Beginning with the line containing "Charli Pants - Paper" and ending with the line containing "Un triplete de", write out each line of the records below exactly; pictures and lines outside that range are left out.

> _DATA RECORDS_:

——————

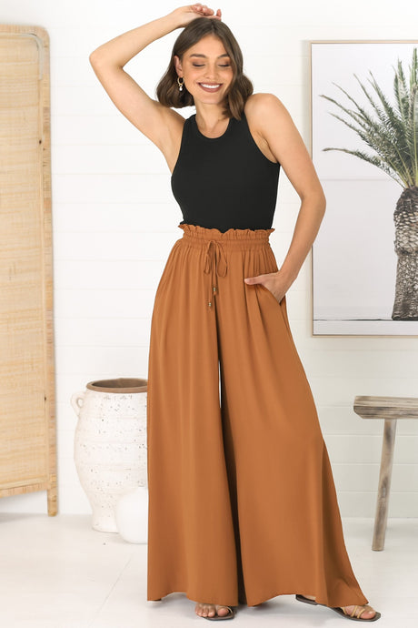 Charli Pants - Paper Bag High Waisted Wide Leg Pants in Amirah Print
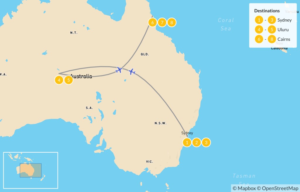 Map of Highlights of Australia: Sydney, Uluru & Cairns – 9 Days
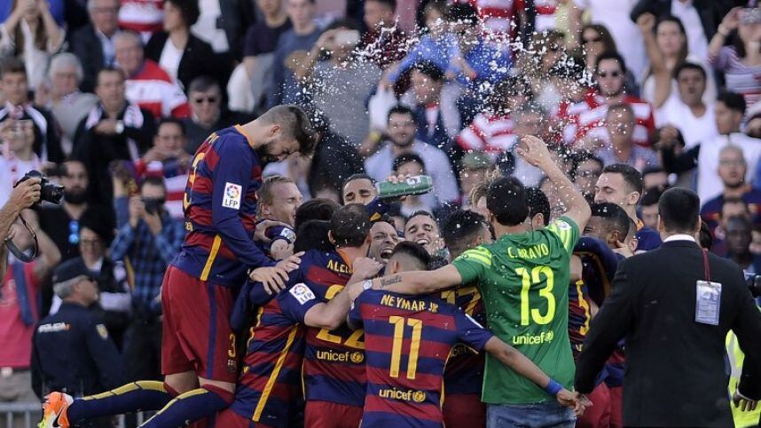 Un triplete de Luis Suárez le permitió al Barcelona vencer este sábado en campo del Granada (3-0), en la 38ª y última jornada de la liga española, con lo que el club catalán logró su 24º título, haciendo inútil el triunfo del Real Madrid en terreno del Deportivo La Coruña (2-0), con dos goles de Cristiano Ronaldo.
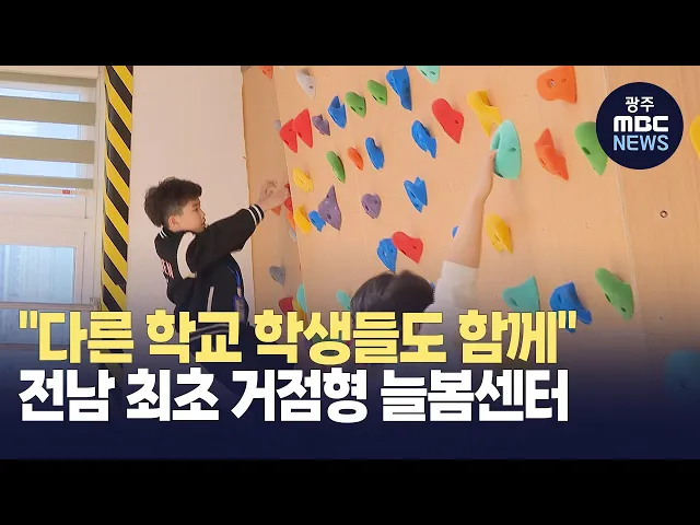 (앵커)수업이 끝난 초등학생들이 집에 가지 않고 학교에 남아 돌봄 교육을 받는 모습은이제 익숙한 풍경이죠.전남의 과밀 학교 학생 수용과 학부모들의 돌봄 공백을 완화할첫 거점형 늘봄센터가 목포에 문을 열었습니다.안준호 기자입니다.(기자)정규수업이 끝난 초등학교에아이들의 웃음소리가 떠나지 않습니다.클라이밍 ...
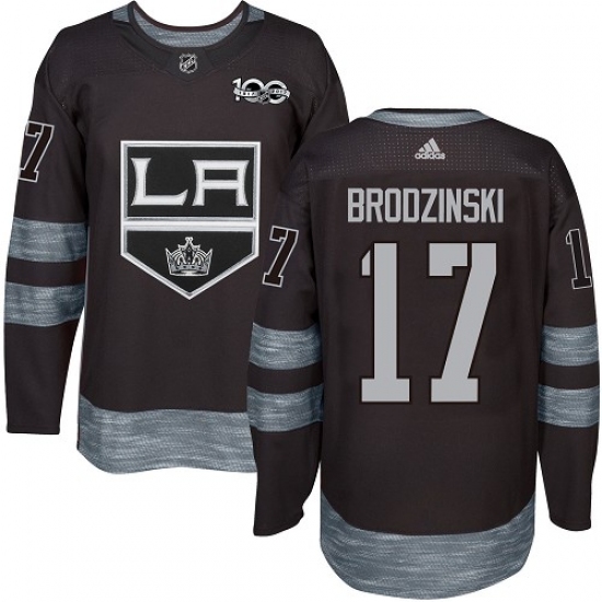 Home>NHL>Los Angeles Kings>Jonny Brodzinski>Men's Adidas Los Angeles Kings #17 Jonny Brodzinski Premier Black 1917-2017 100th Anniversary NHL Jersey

——————

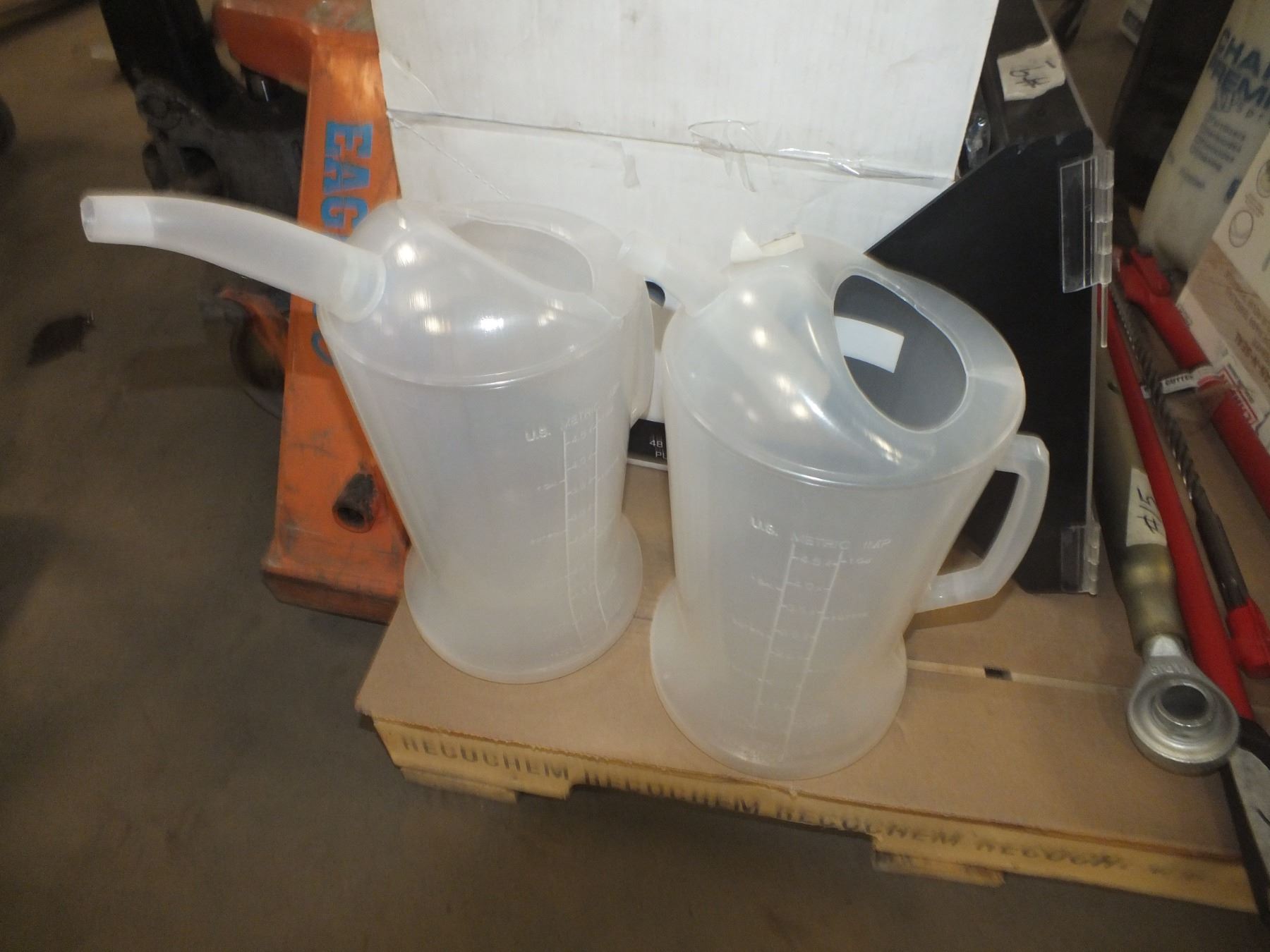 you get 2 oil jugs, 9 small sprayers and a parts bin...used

——————

> _TASK RESPONSE_:
 Charli Pants - Paper Bag High Waisted Wide Leg Pants in Amirah Print
 Map of Highlights of Australia: Sydney, Uluru & Cairns – 9 Days
 Un triplete de Luis Suárez le permitió al Barcelona vencer este sábado en campo del Granada (3-0), en la 38ª y última jornada de la liga española, con lo que el club catalán logró su 24º título, haciendo inútil el triunfo del Real Madrid en terreno del Deportivo La Coruña (2-0), con dos goles de Cristiano Ronaldo.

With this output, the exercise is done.